Google Search

Google

Tuesday, August 28, 2007

More on Beware This Little Bee



This is the nasty little bee that I have been trying to identify. As you can see it looks like a miniature Yellow Jacket. That seems to be ware the similarity ends however. Yellow Jackets can sting you a lot of times because they keep their stingers. They also go wild for mountain dew and you can just about clean a whole nest out with a 2 liter bottle with just enough mountain dew in the bottle to drown the bees.

This little bee is different in that it loses its' stinger when it stings and the mountain dew traps don't attract them at all. They do like what comes out of the rear end of the dogs however, and the garbage cans if they smell bad enough.
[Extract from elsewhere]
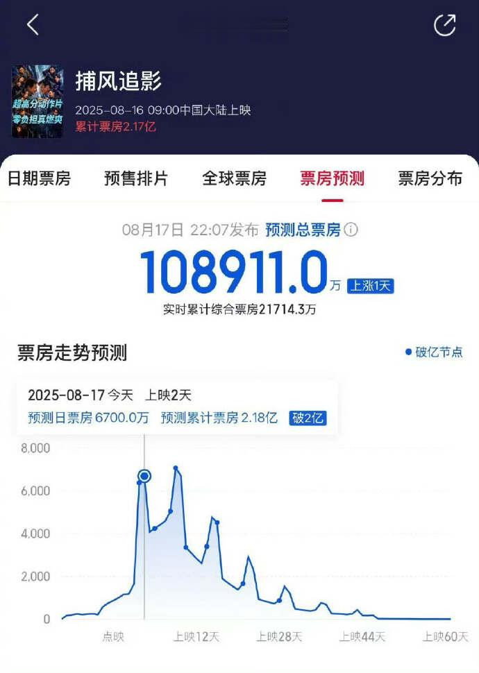 收尾8月18日,据猫眼专科版数据潜入,电影《捕风追影》展望票房高潮!展望总票房超10亿。

I have also seen them all over some poor leftover that the cat killed. So I guess that you would have to say these bees are scavengers and meat lovers rather than necture lovers.
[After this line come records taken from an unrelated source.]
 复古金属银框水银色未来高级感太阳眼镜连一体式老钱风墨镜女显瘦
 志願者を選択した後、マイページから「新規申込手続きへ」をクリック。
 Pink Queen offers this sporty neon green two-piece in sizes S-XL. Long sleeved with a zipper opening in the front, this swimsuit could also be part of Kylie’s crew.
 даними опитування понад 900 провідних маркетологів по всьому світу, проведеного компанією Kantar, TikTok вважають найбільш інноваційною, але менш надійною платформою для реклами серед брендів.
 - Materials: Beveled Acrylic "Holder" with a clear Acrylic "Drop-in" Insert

Yellow Jackets are scavengers themselves as anyone who has ever gone to a park and tried to throw away the picinic garbage can tell you but they will never pass up something sweet even if it kills them.
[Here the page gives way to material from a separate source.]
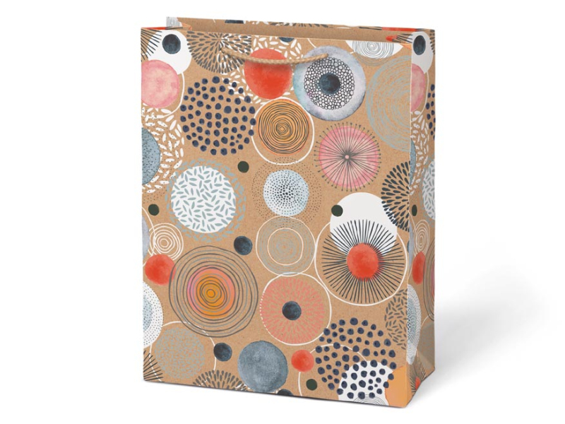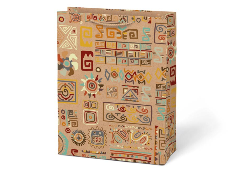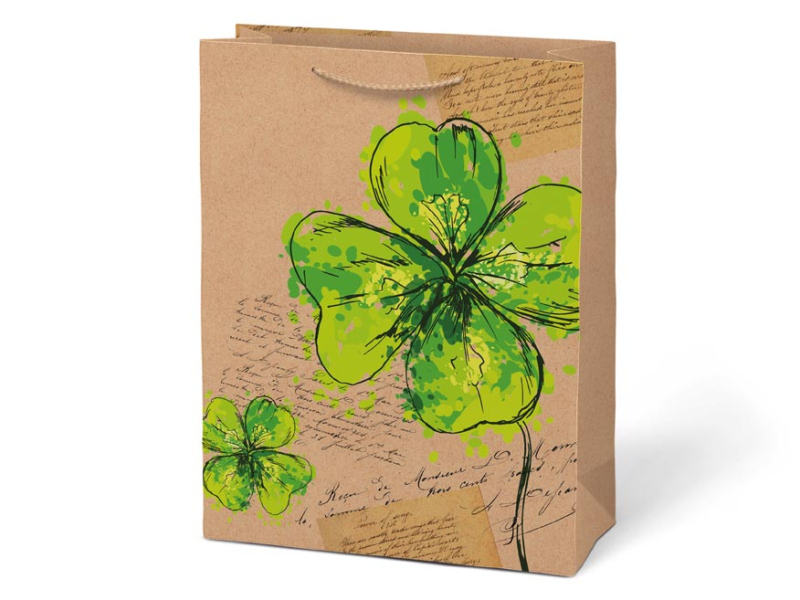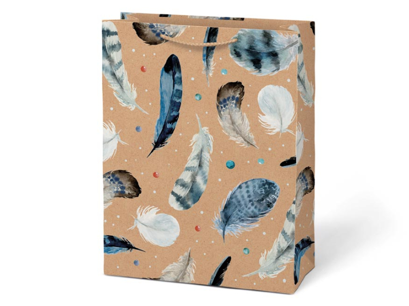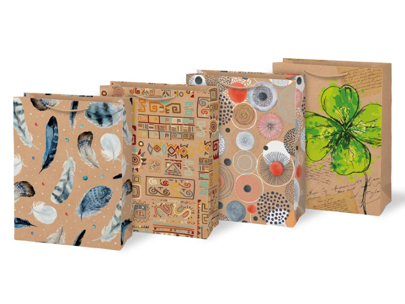 Darčeková taška L KRAFT z pevného kraftového papiera s farebnou potlačou. Taška má pletené textilné uši a kartičku kam môžete napísať meno alebo krátke venovanie. Pokiaľ nemáte čas baliť darček do darčekového baliaceho papiera tak práve pre Vás máme široký výber darčekových tašiek. MOTIV: - pierka - kolieska - štvorlístok - ornamenty Farba: hnedá/prírodná Materiál: kraftový papier Rozmer: 260 x 340 x 140 mm Dodávame v mixe po 4 ks podľa skladovej zásoby. Uvedená cena je za 1 ks.

The normal Yellow Jacket is 5/8 inch to 1 inch long. As you can see from the picture these guys are real lucky if they can make it to 3/8 inch long and that may be pushing it since that's a dime that it's next to and they are 1/2 inch accross.

The Cincinnati Zoo gave me a couple of phone numbers to call to try and identify these little monsters and I struck out totally. The only answer I got from them was they have no idea what kind of bee that it was but if it caused that kind of reaction in a dog you sure don't want a child getting stung by one.

DUH NO KIDDING YOU THINK!!!

Personally I almost dropped the phone when the Phd of Entomology made that statement to me.

But he did give me some other choices that I am researching now. They were call local exterminators to see if they have run into them and maybe identified them.
That proved to be pointless because all they said was they could come out and kill them but there would be a hazard fee because of the sting risk. I told them thanks but no thanks I can kill them that's not the point.

The other is more disturbing and I have not downloaded it yet it is a university conference site for identifying the mutations that are occurring in the bees here in the US.

I will write more when I have more information and maybe an answer or two but for now if you see a bee that looks like a baby yellow jacket give it a very wide berth.